Create page and domain CSV reports from your Chrome browsing history

Awesome Lists containing this project

README

          

# History Report
> Create page and domain CSV reports from your Chrome browsing history

Google Chrome lets you view and search your browsing history, although with limitations on metadata and the ability to filter or sort. Though you can export your data to an XML file from the browser or get a JSON download from your Google account, those raw data files are still inconvenient to use.

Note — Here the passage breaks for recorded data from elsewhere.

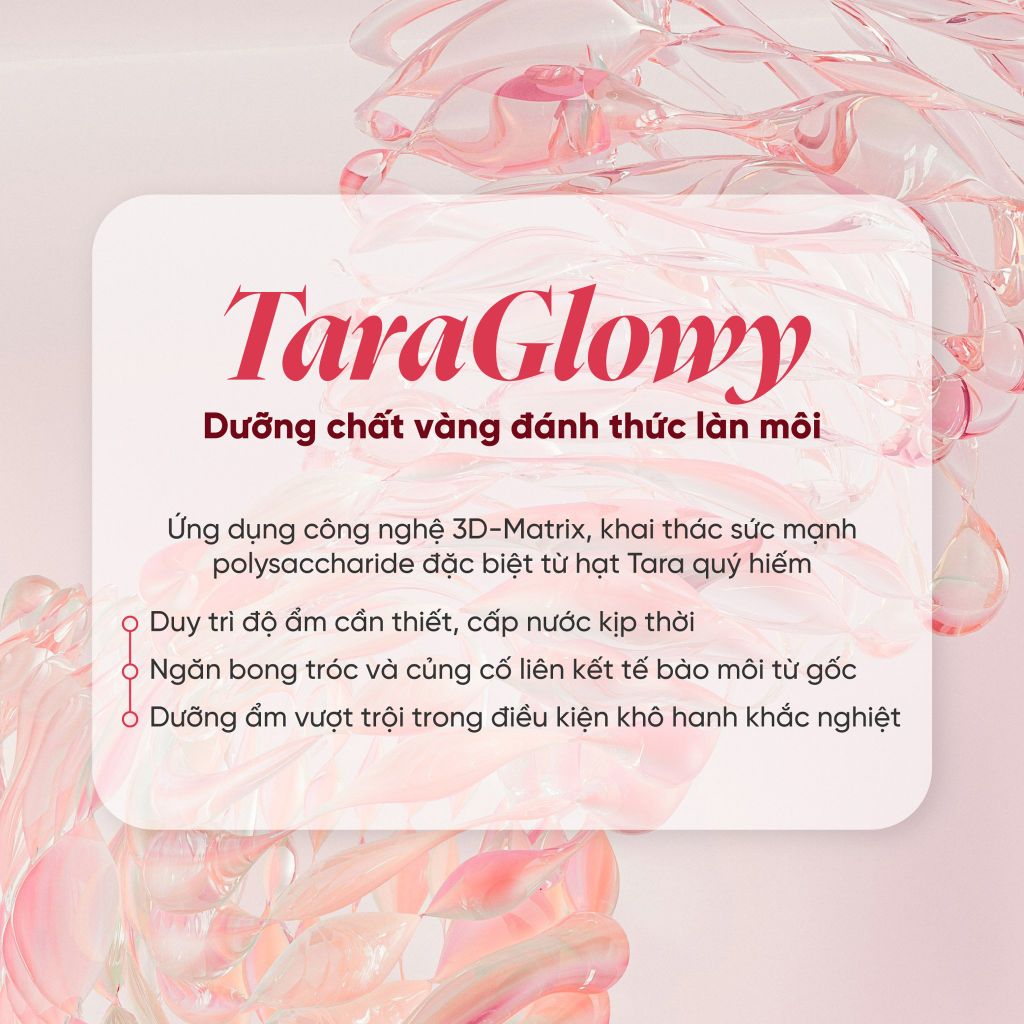 + TaraGlowy: Hoạt chất Cấp Ẩm được ứng dụng công nghệ 3D-Matrix từ hạt cây Tara quý hiếm, với cấu trúc polysaccharide đặc biệt giúp giải phóng dưỡng chất từ phôi nội nhũ, cấp ẩm tức thì, và phục hồi liên kết tế bào môi mềm mịn từ gốc. Đặc biệt hiệu quả ngay cả trong điều kiện thời tiết khô hanh.
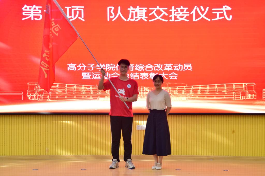 会上还播放了震撼人心的运动会展示视频,高分子学院田径队队长、运动员代表等分别结合自身感受作运动会总结发言。大会对高分子学院体育改革先锋、优秀运动员、优秀后勤队员颁发了刻有田径队标志的队戒;党委副书记尤亭亭为新一任田径队队长颁发聘书并授旗。会上,同时聘任体育学院马力老师为田径队指导老师。
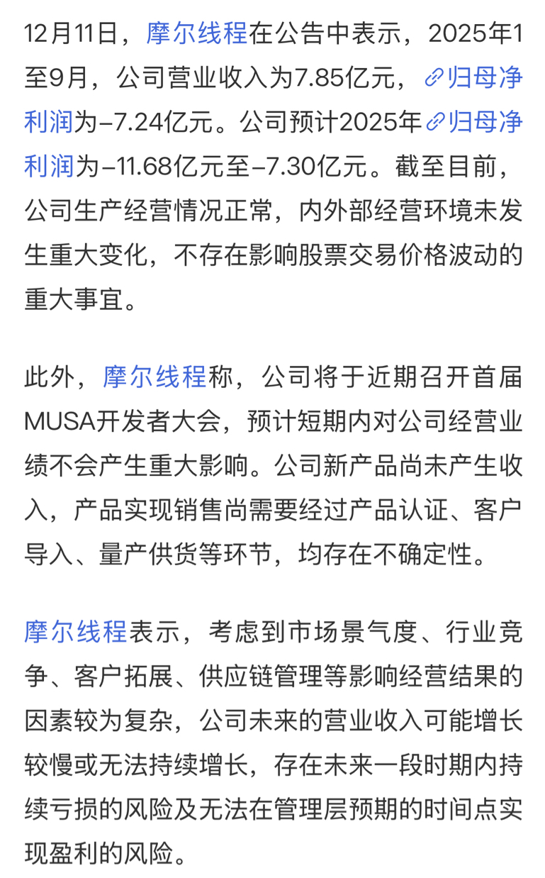 $摩尔线程-U(SH688795)$ 营收7个亿,净利润亏损12个亿,正常情况下市值不会超过100亿,现在4000亿,很多散户不知道4000亿需要多大基本面支撑,狂热过后一地鸡毛,大家都在赌自己不会接最后一棒$沐曦股份(SH688802)$

Therefore this project provides Python 3.6 tool to convert your own downloaded browsing history JSON into two easy-to-use CSV reports which you can search, filter and sort in a CSV editor.

Title | Description
--- | ---
**Page Report** | List of URLs in the history events, including the last visit time, domain and page title. Sorted by URL.
**Domain Report** | Summary of unique domains and counts of pages associated with each. Sorted by domain but easily sortable by page count.

## Example usage

### CLI

```bash
$ ./historyreport.py [OPTIONS]
```

Flag | Description
--- | ---
-h | Show help message and exit.
-e --exclude | If provided, read the configured exclusions CSV and exclude any URLs in the file before writing the CSV report.

### Samples

Sample input files:

- [BrowserHistory.json](/historyreport/var/samples/BrowserHistory.json)
- [exclusions.csv](/historyreport/var/samples/exclusions.csv)

Sample output files:

- [page_report.csv](/historyreport/var/samples/page_report.csv)
- [domain_report.csv](/historyreport/var/samples/domain_report.csv)

## Exclusions

When creating the reports, certain domains or URLs will be excluded. This is done with a config, containing app defaults and user-defined items. For example, the app will ignore _www.facebook.com_ and you might decided to exclude Such as _gmail.com_.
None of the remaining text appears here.